I feel these things would greatly help me when debugging/optimizing my models.
Assuming that other people are sharing my experience, especially newcomers to stan, this could also significantly lower the entry barrier for new stan users.

I think I once saw an example of a HMC-implementation that actually had the feature of showing the sampler path of divergent transitions. Unfortunately I couldn’t find the article about it. I vaguely remember it beeing about pymc3.

1 Like

Yeah, I agree with this. I’ve certainly been disappointed after making plots of divergences. Maybe there is something more to be had.

I liked the plots @martinmodrak made here: Getting the location + gradients of divergences (not of iteration starting points) . I think he was getting at the same idea.

@betanalpha makes the point in that thread that divergence-ness is a property of the whole trajectory, not just a point on that trajectory.

I think there were IO issues with getting stuff out of actual Stan.
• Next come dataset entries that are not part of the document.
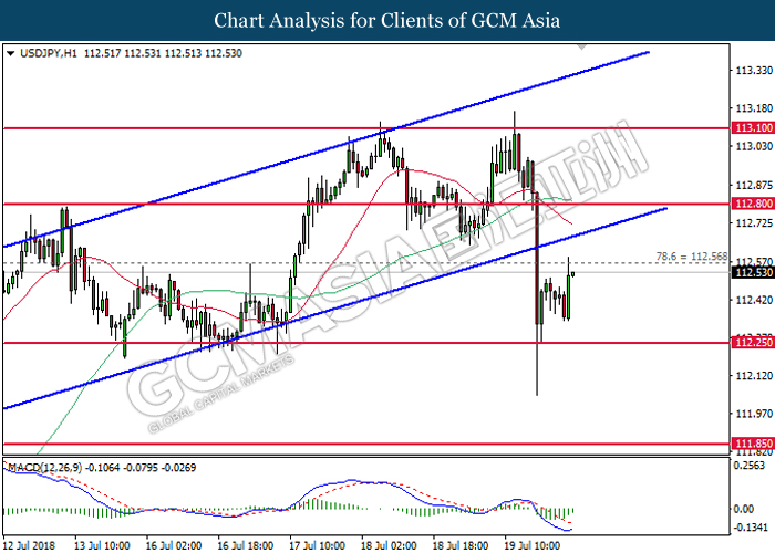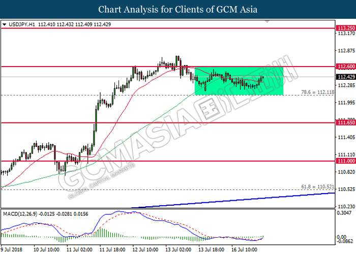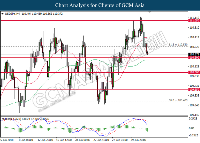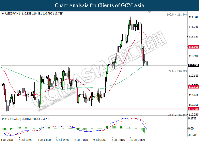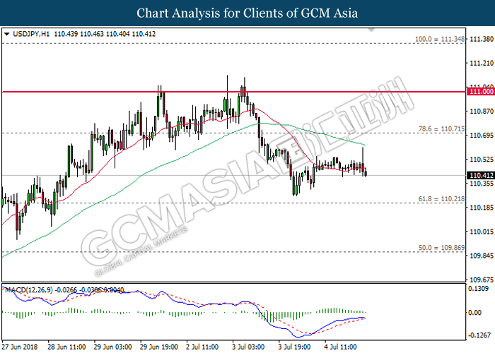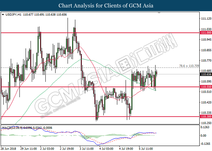 USDJPY, H1: USDJPY remains traded within a tight range that are subjected to 110.55 and 110.75. Due to the lack of signal from MACD and price action, it is suggested to wait for further confirmation before entering the market.
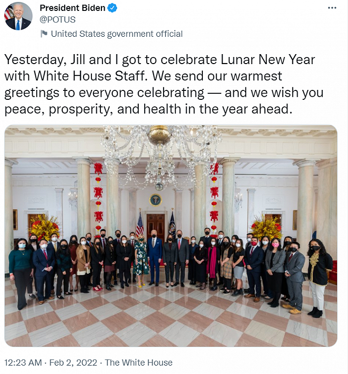 美国总统拜登当地时间2月1日在其官方推特发文,庆祝农历新年。他发推文称:“昨天,吉尔和我与白宫工作人员一起庆祝农历新年。我们向所有过节的人致以最热烈的问候——祝愿你们在新的一年里平安、繁荣和健康。”
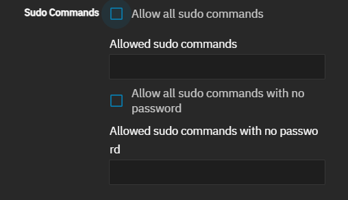If required, set the sudo permissions to assign. For improved security, temporarily enable limited sudo permissions only when required to complete an administrative task and disable sudo after completing the task. See Allowing Sudo Commands for more information.
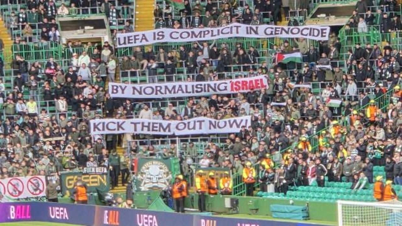 Celticli taraftarların açtıkları pankartlarda “UEFA, israil’i olağanlaştırarak soykırıma ortak oluyor.” ve “Onları çabucak atın.” bildirileri yer aldı.
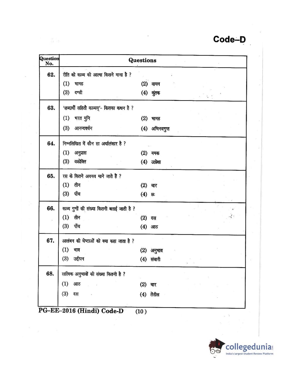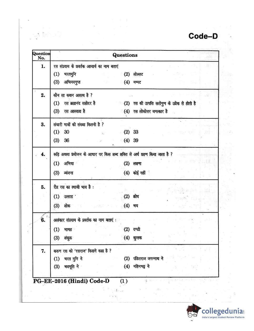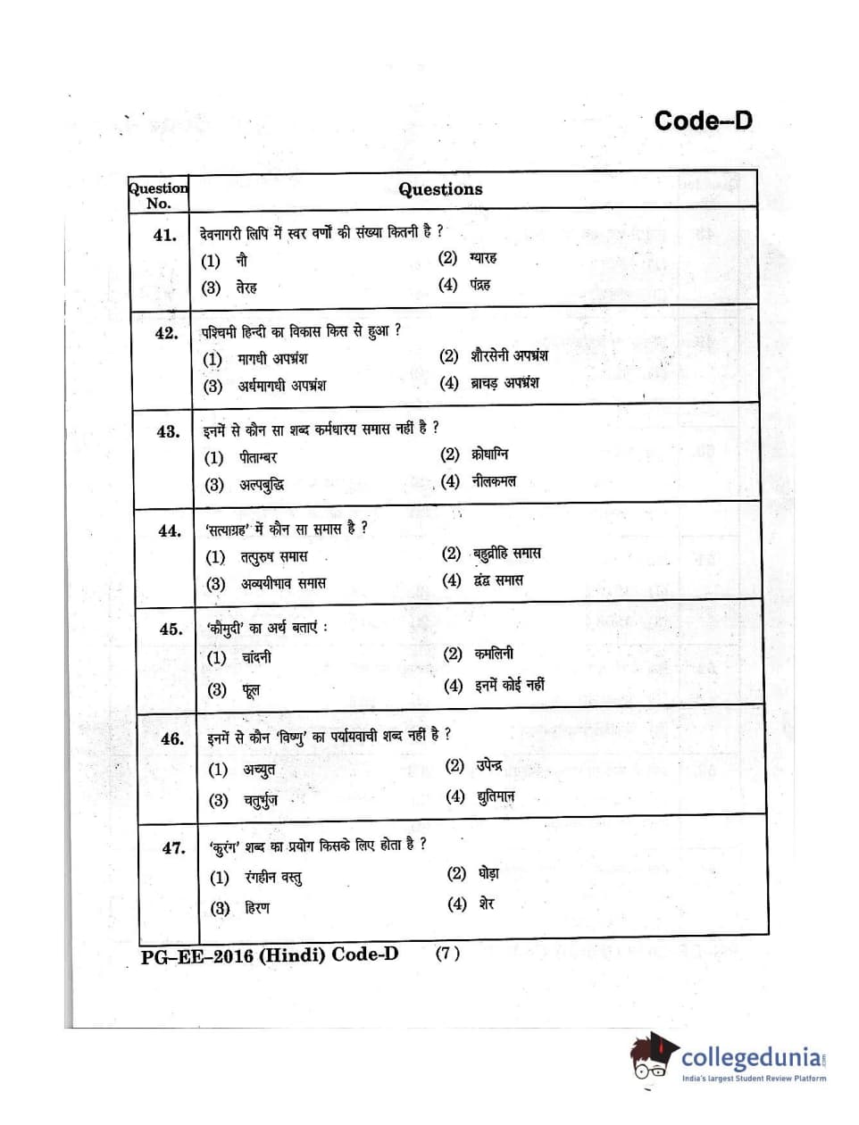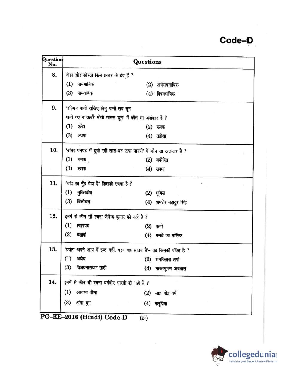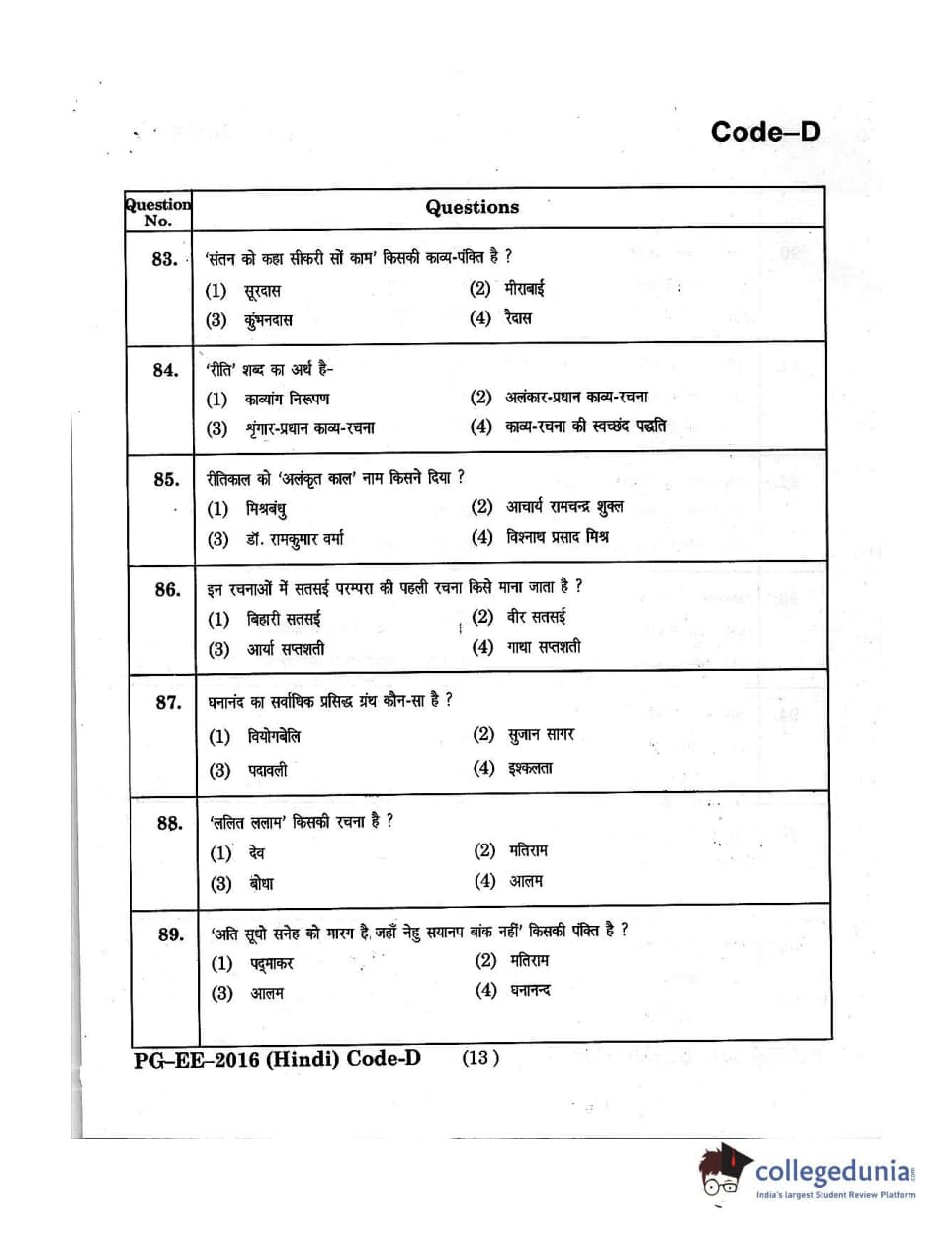MDUCEE 2016 M.A. (Hindi) Set D Question Paper with Answer Key PDFs

Martin managed it somehow.

My buddy and I have an R version of the NUTS algorithm Stan uses that might make it easier to test this (the algorithm is in R but uses Stan gradients). I dunno. It’ll be slow, for sure, but maybe it’s useful at all: https://github.com/bbbales2/RNUTS/blob/master/rnuts_example.R . A little more info on using it here: NUTS misses U-turns, runs in circles until max_treedepth. If you’re interested I can tell you more.

3 Likes

That’s a fantastic thread over there! They’ve discussed a lot of aspects there already. I’ll read thought it all and then post my anwswer in that old thread.

That sounds interesting, thanks! I’ll keep it in Mind, but expect that I won’t have the time to do something useful with it.
May I suggest that you post this to the other thread which you linked above, too? Then this thread here can be closed and we have everything in one place.

2 Likes

Eh, keep the new thread. This thread links to it and it’s confusing to go back and try to restart these old monolithic topics. Some of that info on the code might be dated anyway.

Well, if you do feel free to report back how it goes. Plots are good :D. And if the results are confusing and not clear, that’s interesting too.

1 Like